Quem é artista, cria imagens, música, games, o que for, sabe que parte do prazer está no processo, nas epifanias, que podem ocorrer durante a feitura do trabalho de arte, culminando no êxtase do resultado final. Ver algo que antes estava apenas na sua imaginação materializado na sua frente, poder mostrar à outras pessoas o que antes estava solitariamente trancado dentro de sua cabeça, é um dos prazeres do artista. Também tiramos prazer das pequenas dissonâncias e acidentes, naquilo que saiu diferente do que imaginávamos, mas que muitas vezes são gratas surpresas do produto final do trabalho artístico. E esse resultado não seria a mesma coisa sem o processo de maturação e feitura, sem a caminhada pela trilha até o mirante que é o ponto final da criação.

Mas em um mundo onde só se fala do quanto as redes sociais viciam as pessoas em descargas imediatas de dopamina no cérebro, as IAs devem acelerar ainda mais as coisas tanto para quem produz quanto para quem consome.

Eu tenho a nítida impressão de que o público que consome arte em geral, no meu caso atual principalmente os games, que já vinha se tornando cada dia mais impaciente, deve passar a ter cada vez mais pressa para ver o resultado de um projeto, sem a disposição para esperar ou acompanhar o desenvolvimento de um projeto. As tais IAs (sic) já ervem para acelerar estrondosamente o processo de criação de imagens, músicas, vídeos, daqui a pouco games, e sabe-se mais o que virá. O resultado é quase imediato, reduzindo todo um estudo e jornada a um mero prompt.

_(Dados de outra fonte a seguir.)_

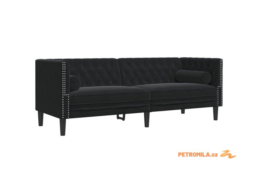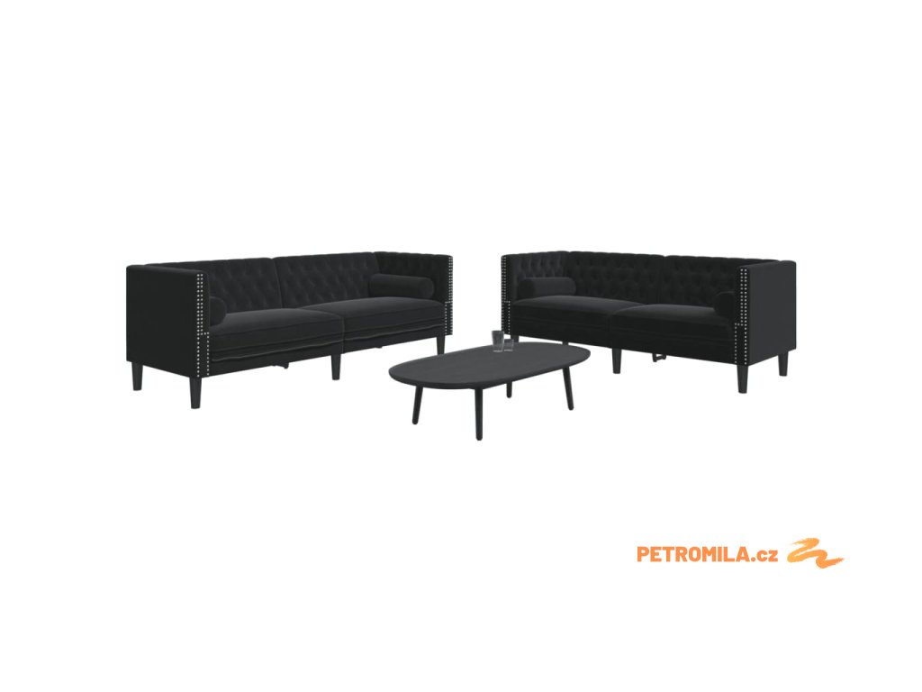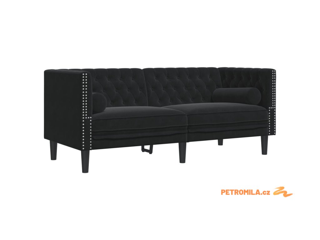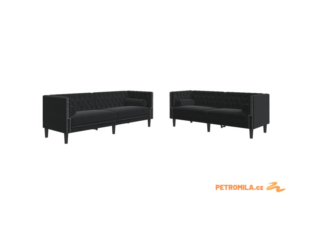 2dílná sedací souprava Chesterfield s podhlavníky černá samet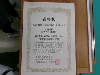 本日、大会主催者の方が来校し、図書室で表彰式が行われました。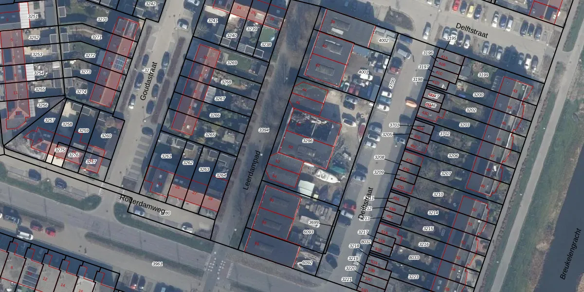 Het perceel waarop Delftstraat 50 staat heeft een oppervlakte van 1055 m². Dit is een zeer groot perceel. De perceeloppervlakte wordt geregistreerd door het Kadaster. Gedetailleerde informatie over de maten van dit perceel kunt u vinden in het rapport Kadastrale kaart met maatvoering van Delftstraat 50.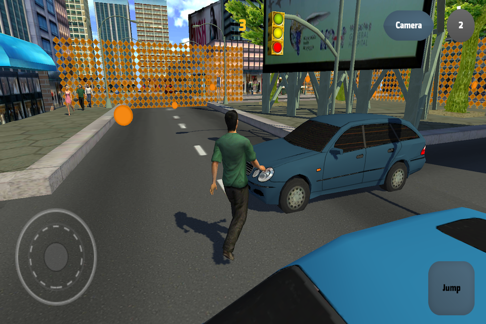 Walk freely in the city by controlling a man.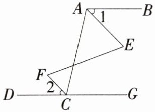 解:因为∠BAC与∠GCA互补,即∠BAC + ∠GCA = 180°(已知),所以AB//CD(同旁内角互补,两直线平行),所以∠BAC = ∠ACD(两直线平行,内错角相等)。又因为∠1 = ∠2(已知),所以∠BAC - ∠1 = ∠ACD - ∠2(等式的性质),即∠EAC = ∠FCA,所以AE//CF(内错角相等,两直线平行),所以∠E = ∠F(两直线平行,内错角相等)。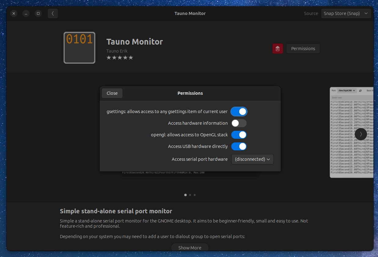 I built myself a Serial Monitor app that integrates with the GNOME desktop. Learned a lot about how to build GTK4 apps and publish them as Flatpaks or Snaps.

Como isso afeta aos artistas, em especial os independentes? Acho que é um tanto fácil de perceber, que mesmo que você não se utilize dessas ferramentas de geração sintética de textos, imagens, música, etc, você também será afetado por isso. Não só pela concorrência desleal que vai roubar e precarizar ainda mais os empregos no setor, mas por que o público vai passar a ter outra exigência em relação ao tempo de produção. Sempre vão existir os que querem algo mais denso para deglutir, mas a maioria das pessoas vai ser ainda mais acostumada a uma papinha cada vez mais processada.

Hoje, em uma cultura atomizada, ao mesmo tempo que homogeneizada pelos algoritmos, já é difícil par qualquer produtor independente encontrar seu público. Mas a deformação de um público cada vez mais condicionado à recompensa imediata vai tornar essa tarefa ainda mais difícil. Não é de hoje que o processo importa mais para o próprio artista, ou para seus pares ou entusiastas, enquanto para a maior parte do público importa mais o resultado final. Mas a coisa deve alcançar um outro nível de separação entre o processo e o resultado, até por que os processos internos que a IA utiliza são completamente obscuros para quem dá o input de prompt.

A sensibilidade social e estética das pessoas vai se moldar a essa nova realidade, tornando-as ainda mais imediatistas, exigindo dos criadores uma velocidade literalmente inumana. Estaremos todos desejosos de um gozo rápido, imediato, e por tanto incompleto e mixuruca de uma punheta mal batida. Um gozo de um segundo para quem cria uma imagem escrevendo um prompt em uma IA, e um gozo de centésimos de segundos para quem consome o tal “conteúdo”.




Êxtase da Beata Ludovica Albertoni, de Gian Lorenzo Bernini ( 1598- 1680), Escultor italiano.